# Record extracts
== == ==

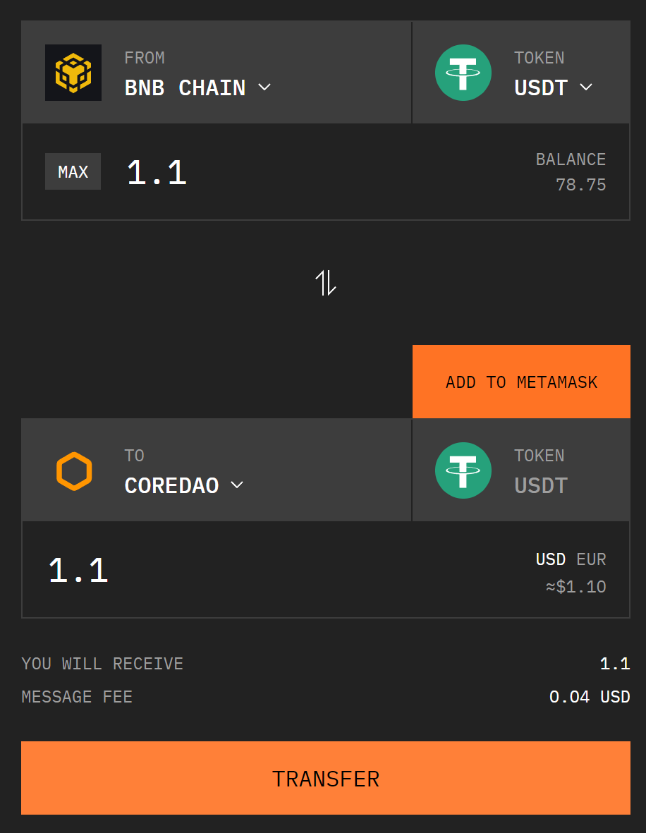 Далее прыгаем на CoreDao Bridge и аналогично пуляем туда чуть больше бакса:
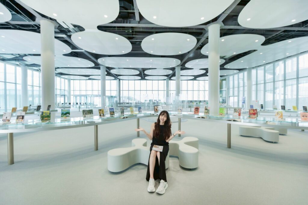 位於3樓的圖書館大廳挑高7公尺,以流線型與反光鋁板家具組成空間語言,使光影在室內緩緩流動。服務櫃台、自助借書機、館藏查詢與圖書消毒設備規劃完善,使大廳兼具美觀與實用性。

== == ==

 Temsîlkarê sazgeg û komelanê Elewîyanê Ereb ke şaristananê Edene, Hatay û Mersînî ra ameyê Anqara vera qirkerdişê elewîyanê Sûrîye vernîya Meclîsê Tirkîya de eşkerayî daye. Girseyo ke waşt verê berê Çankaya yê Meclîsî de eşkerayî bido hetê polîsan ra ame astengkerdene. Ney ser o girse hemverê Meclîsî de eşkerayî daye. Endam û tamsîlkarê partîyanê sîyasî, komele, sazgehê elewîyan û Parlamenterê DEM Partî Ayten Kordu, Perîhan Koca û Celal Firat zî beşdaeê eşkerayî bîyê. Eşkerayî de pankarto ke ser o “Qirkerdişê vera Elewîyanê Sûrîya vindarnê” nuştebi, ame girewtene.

== == ==

# Task to complete
Look above for the line with "Далее прыгаем на" and the line with "位於3樓的圖書館大廳挑高7公", then copy them and all lines in between exactly as written, and only those, without any pictures.

# Reply to the task
 Далее прыгаем на CoreDao Bridge и аналогично пуляем туда чуть больше бакса:
 位於3樓的圖書館大廳挑高7公尺,以流線型與反光鋁板家具組成空間語言,使光影在室內緩緩流動。服務櫃台、自助借書機、館藏查詢與圖書消毒設備規劃完善,使大廳兼具美觀與實用性。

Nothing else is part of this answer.